Rettet just von der Leyen das Spitzenkandidaten-Prinzip?
Das SpitzenkandidatenPrinzip ist tot. Es lebe die Spitzenkandidatin. Und die heißt für die CDU Ursula von der Leyen. Bei allem nun ausgebrochenen Jubel in Kreisen der EVP, des Zusammenschlusses der christlichdemokratischen und bürgerlichkonservativen Parteien Europas, bleibt ein Makel: Von der Leyens Name wird auf keinem Wahlzettel stehen, schon wieder nicht. So zieht die Deutsche nun in den Wahlkampf, ohne dass im Juni jemand sie wählen könnte. Gleicht ihre erwartbare Rückkehr ins Berlaymont also eher einer Krönung als einem demokratischen Prozess?

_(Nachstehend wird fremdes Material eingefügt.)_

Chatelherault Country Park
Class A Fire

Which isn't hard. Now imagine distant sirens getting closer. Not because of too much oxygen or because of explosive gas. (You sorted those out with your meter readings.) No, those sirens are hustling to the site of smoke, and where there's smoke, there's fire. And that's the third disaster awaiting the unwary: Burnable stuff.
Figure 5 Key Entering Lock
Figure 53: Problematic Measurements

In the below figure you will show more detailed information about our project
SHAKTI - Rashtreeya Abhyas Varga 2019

Kritiker schimpfen über das Demokratieverständnis der Konservativen. Tatsächlich wäre eine Direktwahl der einzige Weg, um wirklich von den Bürgern legitimiert zu werden, noch dazu, wenn es um das höchste Amt Europas geht. Das hat die Deutsche so ausgefüllt, dass sie sich zur mächtigsten Kommissionspräsidentin entwickelt hat, die die Union je hatte.

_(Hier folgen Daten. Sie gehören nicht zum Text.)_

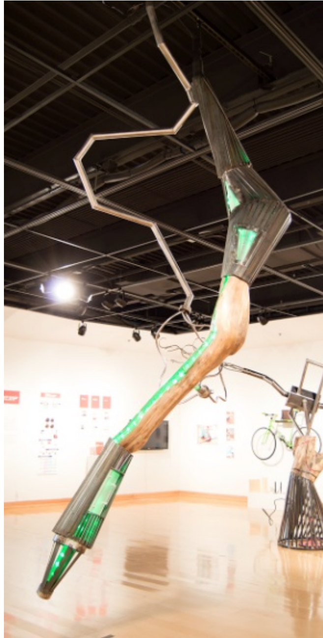
Figure 6, Title: MACHINE MARX, 11'x 6'x 6' Wood, Resin, Steel, Nuts, Bolts and LED lights, FALL 2014
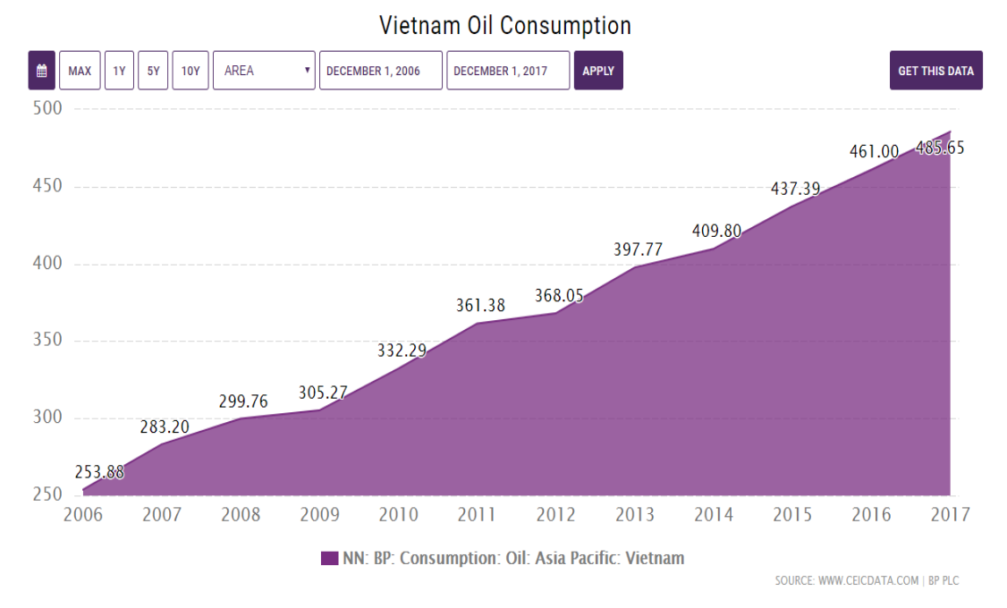
Figure 2: Vietnam oil consumption

By 2017, oil consumption is estimated at 485,000 barrels per day, up 91% compared to 2006.
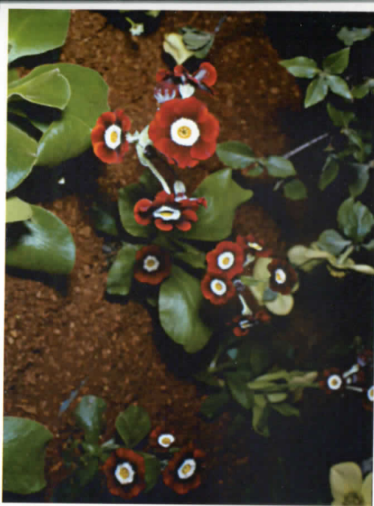
P. auricula garden hybrid 'Dales Red'

Dass von der Leyen nun antritt, ohne wählbar zu sein, führt das Spitzenkandidaten-Prinzip dem Grünen-Politiker Daniel Freund zufolge „ad absurdum“. Der Aufschrei klingt jedoch nach Wahlkampfgetöse. Praktisch würde von der Leyen nämlich selbst bei einer Kandidatur für das EU-Parlament lediglich auf dem Wahlzettel in Niedersachsen stehen. Ein Sieg wäre also keineswegs repräsentativ für Gesamt-Europa. Zudem müsste die 65-Jährige nach dem Votum das gerade errungene Parlamentsmandat sofort wieder abgeben. Das Gerede, dass ihre Kandidatur dem Vertrauen der Bürger in die Demokratie schadet, greift deshalb zu kurz. Vielmehr darf man den Schritt als Versuch werten, aus den Fehlern der Vergangenheit zu lernen und die letzte Möglichkeit zu nutzen, das im Kern richtige Spitzenkandidaten-Modell zu retten. Dabei entbehrt es nicht einer gewissen Ironie, wenn ausgerechnet von der Leyen das totgesagte System wiederbelebt. Sie wurde 2019 von den Staats- und Regierungschefs aus dem Hut gezaubert, weil vorneweg der französische Präsident Emmanuel Macron den CSU-Mann und Europawahlsieger Manfred Weber im Top-Amt der Brüsseler Behörde verhindern wollte. Die Ambitionen des Niederbayern wurden zerschlagen durch eine schwammige Formulierung in den EU-Verträgen, wonach sich die 27 Staatenlenker am Ergebnis der europaweiten Abstimmung orientieren sollen, aber eben nicht müssen. Für Weber war es eine demütigende, für das EU-Parlament eine schmerzliche Niederlage. Der klare Gewinner war das berühmt-berüchtigte Brüsseler Hinterzimmer. Von der viel beschworenen Transparenz auf EUEbene, mit der man neuerdings bei den Bürgern punkten wollte, blieb bei dem Posten-Geschachere nicht viel übrig. Zu einer solchen Farce darf es nicht noch einmal kommen.
Hinzu kommt, dass nicht von der Leyen Schuld daran trägt, dass das Amt des EU-Kommissionspräsidenten nie als gewählter Posten angelegt war. Das System wurde in den Stuben der Hauptstädte erdacht. Dabei ging es den Staatsund Regierungschefs vorneweg darum, eine Marionette in Brüssel zu installieren, die deren Willen durchsetzen, aber nicht mit deren Macht konkurrieren sollte. Das hat sich mittlerweile auch dank von der Leyen verändert, zumindest ein bisschen.